Lessons of the War on Terror
In today's column for National Review Online, Dr. Victor Davis Hanson analyzes the lessons of the last three and a half years:
If we look back at the war that started on September 11, there have emerged some general rules that should guide us in the next treacherous round of the struggle against Islamic fascism, the autocracies that aid and abet it, and the method of terror that characterizes it.
The following passage, in particular, is dead on:
Ever since the departure of the colonials, the United States, due to its power and principled support for democratic Israel, has served a Middle Eastern psychological need to account for its own self-created impotence and misery, a pathology abetted by our own past realpolitik and nurtured by the very autocrats that we sought to accommodate.
After all these years, do not expect praise or gratitude for billions poured into Iraq, Egypt, Jordan, or Palestine or thanks for the liberation of Kuwait, protection of Saudi Arabia in 1990, or the removal of Saddam — much less for American concern for Muslims in Bosnia, Kosovo, Chechnya, Somalia, the Sudan, or Afghanistan. Our past sins always must be magnified as much as our more recent benefactions are slighted.
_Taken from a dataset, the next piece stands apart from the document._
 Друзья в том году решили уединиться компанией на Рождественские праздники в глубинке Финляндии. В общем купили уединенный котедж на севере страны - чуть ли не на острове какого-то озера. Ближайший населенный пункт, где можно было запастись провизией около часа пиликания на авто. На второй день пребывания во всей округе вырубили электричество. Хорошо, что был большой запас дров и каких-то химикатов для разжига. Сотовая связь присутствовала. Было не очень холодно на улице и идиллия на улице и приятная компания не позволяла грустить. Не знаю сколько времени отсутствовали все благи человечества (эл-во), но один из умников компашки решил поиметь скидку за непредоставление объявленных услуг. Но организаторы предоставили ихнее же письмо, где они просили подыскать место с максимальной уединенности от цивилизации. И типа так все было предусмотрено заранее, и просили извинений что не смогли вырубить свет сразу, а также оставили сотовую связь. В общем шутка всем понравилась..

In response, American policy should be predicated not on friendship or the desire for appreciation, but on what is in our national interest and what is right — whose symbiosis is possible only through the current policy of consistently promoting democracy. Constitutional government is not utopia — only the proper antidote for the sickness in the Middle East, and the one medicine that hateful jihadists, dictators, kings, terrorists, and theocrats all agree that they alike hate.